Strangely disconcerting and comforting at the same time. Nothing like a cuddly racist to make a person feel better about herself.
The racist cop sent the first bus on its way once they’d dragged me off in Pittsburgh, and left me with his partner to wait for the next bus. The bus station where we were sitting smelled of urine and old socks, but it was pretty late and I was sitting with a cop, so I tried not to think about it.
“So, why Philadelphia?” she said, over our second cup of coffee.
I fished around in my pack and pulled out the flyer.
“Love Is in the Air, huh?” she said, glancing at the headline. “So, you’re a writer, then. Well, that explains a lot.”
“Blogger, actually,” I said. “I’m on a bit of a travel adventure. This is kind of a side-trip. There’s—well, there’s someone at this event I really need to meet.”
The officer returned to reading the flyer, and when she got to the bottom, her eyes snapped up to meet mine. “Jeesely H Roosevelt Christ,” she said, and her voice filled with a sudden reverence. “Do you SEE who’s the Guest of Honor?”

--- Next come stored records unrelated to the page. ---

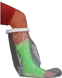 * Sold by each * MSRP: $20.95/ea * Dim: 19"l x 7"w * Reusable long plastic cast & bandage protector * Plastic ring & diaphragm create a tight seat that prevents water from entering inside * Keeps water from casts or bandages when showering or bathing * Latex free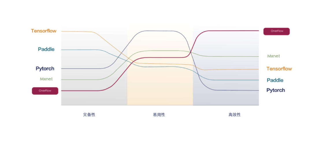 与其他几个“国产”AI框架相比,袁进辉认为,在完备性上,OneFlow比在今年3月开源的MindSpore和MegEngine要更好,不过支持的模型库还是比2016年就开源的PaddlePaddle要少。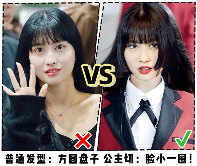 ,摆脱了土气,更有时尚感,跟甜美挂圆脸的适配感不要太强。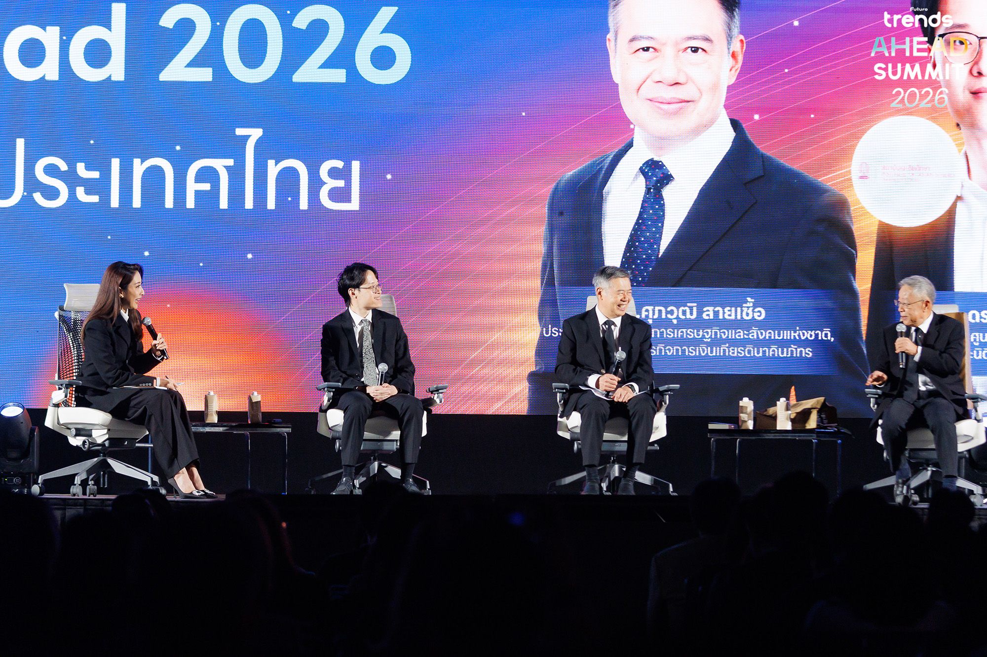 • ดร.ศุภวุฒิ สายเชื้อ (ประธานสภาพัฒน์ฯ) เปิดเวทีคู่กับ คุณอาร์ม ตั้งนิรันดร ด้วยหัวข้อ Thailand Ahead 2026 มอบ Playbook สำหรับการเดินหน้าประเทศไทย ในขณะที่ รศ. ดร.ธนวรรธน์ พลวิชัย (อธิการบดี ม.หอการค้าไทย) เจาะลึก Economic & Commerce Outlook ให้เห็นภาพการค้าที่จะเป็นตัวขับเคลื่อน GDP ในปีหน้า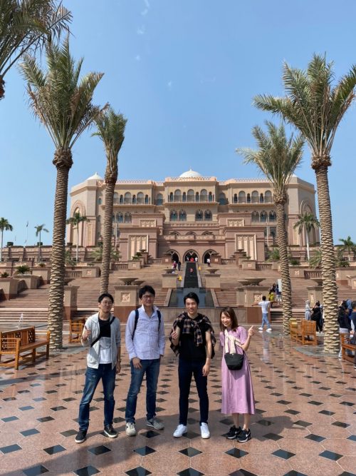 翌日も現地駐在の友人ガイドのもと、ドバイから高速バスで2時間弱で移動しアブダビへ。ヨーロッパ3ヵ国も良かったのですが、最終日に訪れたアブダビの観光地がアラジンの世界そのもので圧倒されました!ドバイとは違い、THE中東という景色はこの旅で一番の思い出に。エミレーツパレス、モスク(Sheikh Zayed Grand Mosque)の景色は、時間ごとに違う美しさを表現するため、いつまででも見ていられる景色でした。大統領官邸など本当に素晴らしかったです。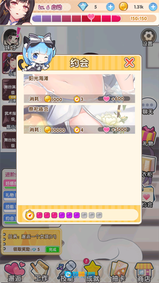 约会场景丰富多样,涵盖阳光海滩、祭祀庙会等。在约会过程中,消耗金币以及时间道具,就能获取大量好感度。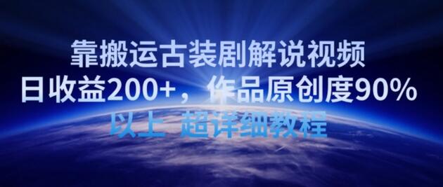 靠搬运古装剧解说视频,日收益200+,作品原创度90%以上,超详细教程

I nodded slowly. “So—you’ve read the books?”
“Are you freaking kidding me? My husband gave them to me the year we got married. I lost a whole summer to, well … to mmphm.”

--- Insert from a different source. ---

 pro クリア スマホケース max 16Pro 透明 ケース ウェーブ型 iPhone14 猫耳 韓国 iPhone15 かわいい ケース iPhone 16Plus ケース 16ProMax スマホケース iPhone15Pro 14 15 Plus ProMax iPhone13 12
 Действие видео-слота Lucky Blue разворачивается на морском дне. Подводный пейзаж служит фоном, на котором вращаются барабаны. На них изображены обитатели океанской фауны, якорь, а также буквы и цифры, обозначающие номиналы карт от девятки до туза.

“Your husband? Whoah.” I was impressed. “My ex wouldn’t read a book to save his life. Only had eyes for the Blackhawks, that man. And his girlfriend, of course.”

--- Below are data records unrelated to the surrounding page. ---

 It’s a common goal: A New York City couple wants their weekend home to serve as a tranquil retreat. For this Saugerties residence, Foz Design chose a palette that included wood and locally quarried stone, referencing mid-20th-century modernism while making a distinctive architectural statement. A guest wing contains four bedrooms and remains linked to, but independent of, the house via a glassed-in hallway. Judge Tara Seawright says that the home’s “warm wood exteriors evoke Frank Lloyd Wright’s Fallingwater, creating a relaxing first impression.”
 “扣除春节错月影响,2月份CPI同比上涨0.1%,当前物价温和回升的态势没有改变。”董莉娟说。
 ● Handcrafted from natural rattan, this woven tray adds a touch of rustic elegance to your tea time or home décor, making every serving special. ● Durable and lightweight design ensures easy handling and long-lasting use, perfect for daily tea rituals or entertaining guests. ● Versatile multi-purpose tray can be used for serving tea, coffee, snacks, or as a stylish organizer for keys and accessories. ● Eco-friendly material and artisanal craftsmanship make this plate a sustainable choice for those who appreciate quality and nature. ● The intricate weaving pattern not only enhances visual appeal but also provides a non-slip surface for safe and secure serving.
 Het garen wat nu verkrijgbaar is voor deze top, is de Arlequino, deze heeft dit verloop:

She nodded at me sympathetically. “Divorced, huh? Aw, you’re probably better off without the bum.”
“It only lasted a year,” I mumbled.
She leaned across the table and pointed her spoon at me. “Well, in our case, that book is the recipe for a happy marriage, I tell ya. A man who aspires to be like Jamie Fraser is one in a million. My guy? Well, let’s just say that the year AN ECHO IN THE BONE came out, he didn’t watch a single playoff game. And the Penguins were going for the cup that season.”
The things you learn from cops i
n bus stations.
She was one hundred percent right. I should have known Egon was wrong for me the minute he said he didn’t read romances.
A. Historical fiction is NOT romance.
B. What the hell is wrong with reading romance, anyway?
And C.? He didn’t read anything at all, really.
I should have known.
When my bus pulled up a few minutes later, the cop hugged me warmly and tucked an Ativan out of her own stash into my pocket to ward off any relapses.
“You’ll love Philadelphia,” she said. “But watch out for the ladies who are putting on your shin-dig. There’s a romance writing group near here in Erie, and let me just say—we’ve been called out to a few of their parties. Some of those chicks are decently hard-core.”
I waved through the window until she was just a teeny blue dot in the distance. Nice to know that even a cop could see the value of following a dream.
Fortuitous Fate…
3:30 pm, February 20
Philadelphia, Pennsylvania, USA
The most important news for today is that I have mastered the comment anti-spam function. Because, there may not be many actual readers out there, but holy crow——is my blog being followed by a lot of bots.
Okay, I’m lying.
Because the most important news is that I have actually made it into a special mini-conference, sponsored by an organization for writers of romantic fiction. Yes, the very conference advertised on a certain hot-pink flyer handed to me in Chicago.
Fate smiled on me that day.
Apparently, the conference has been planned to celebrate Something Special. (Also? I note that the flyer tended to Randomly Capitalize Important Items. Jane Austen, your influence has now extended into its third century…)
This particular Something Special is an industry award. And that it is an award given to someone who has never claimed to be a romance writer (nor an Over-User of Excessive Capitalization) is what makes it all the more interesting.